Beta2 toxin gene (cpb2) fragment corresponding to position 225– 791 of the complete CDS in C. perfringens strain 13, was amplified by PCR and sequenced using corresponding forward and reverse primers as discussed in Section 2.5. The sequences obtained from the C. perfringens isolates AG07-6, AG07-3, AG07-9, AL05-16, AG03-4, and AG02-3 exhibited 98.7%, 99.2%, 99.5%, 99.6%, 99.8%, and 99.8% identity with that of reference strain C. perfringens strain 13. Isolates AG07-4 and AL05-12 did not show any difference in the nucleotide sequence of cpb2 gene with respect to strain 13. Notably, the Himalayan isolate H2-3 harbored atypical cpb2 gene sequence showing 74.6% sequence identity with the typical gene sequence from strain 13, although it was closely related to atypical sequences reported in other C. perfringens strains.
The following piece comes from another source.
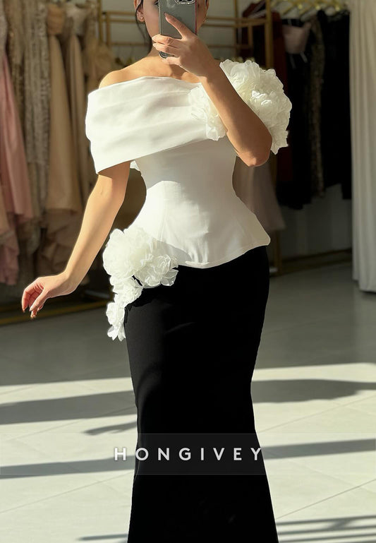 Off the Shoulder Evening Gown Trumpet Court Train Satin Handmade Flowers Pleated

In a phylogenetic reconstruction using cpb2 gene fragments from related strains, most of the environmental isolates formed tight clusters shared by sequences from strains of non-porcine origin (Fig. 2). Among these, isolates AG07-9, AL05-16, AG03-4, and AL05-12 were closely related and exhibited specific phylogenetic affiliation with a strain isolated from an elephant and another from a wastewater treatment plant. As expected, the Himalayan isolate H2-3 formed a distinct clade and

clustered tightly with atypical cpb2 sequence from C. perfringens str. JGS1902. 3.4. Prevalence of antibiotic resistance Prevalence of antibiotic resistance among environmental anaerobic bacterial strains has been summarized in Table 2 and supplementary Figs. S1 and S2. The results clearly indicate multidrug resistance phenotype to dominate among bacterial isolates. Antibiotic susceptibility test using a modified protocol of ‘brothdisk susceptibility determination’ revealed resistance from 16 to 25 antibiotics for 35% of the strains tested. Approximately 45% of the isolates tested were found to exhibit resistance from 6 to 15 antibiotics. Prevalence of antibiotic resistance did not show correlation with any specific geographical region or environmental niche (Fig. S1). Curiously, resistance to multiple antibiotics was more common among C. perfringens isolates when compared with other clostridial species, although such a conclusion is difficult to draw for some other species represented only by 2 or 3 isolates in the dataset (Fig. S2). Resistance to vancomycin was least prevalent (only 24% of the isolates were resistant) while resistance to neomycin, amikacin, streptomycin, trimethoprim, kanamycin, nitrofurazone, sulfaphenazole, and methicillin was most common (resistance in >55% of isolates). Ampicillin, chloramphenicol, cephaloridine, cephalexin, roxithromycin, cefadroxil, azlocillin, bacitracin, and cefotaxime were by and large active against environmental anaerobic bacteria and resistance was seen in 40– 50% of isolates. Notably, 7 out of 9 of the aforesaid antibiotics are known to inhibit bacterial growth by blocking cell wall synthesis. None of the Gram-positive isolates were found to possess class 1 integron when 50 and 3’-conserved regions were targeted using conserved primer sets (CS), though amplification of 230 bp fragment was seen in all the four Gram-negative strains tested (Table 1). The int gene, a marker for the Tn916-like elements, was detected in one isolate each of C. subterminale and Staphylococcus epidermidis, apart from four Gram-negative isolates. The tndX gene, characterizing the Tn5397-like elements, was detected only in an E. coli and a C. cochlearium isolate.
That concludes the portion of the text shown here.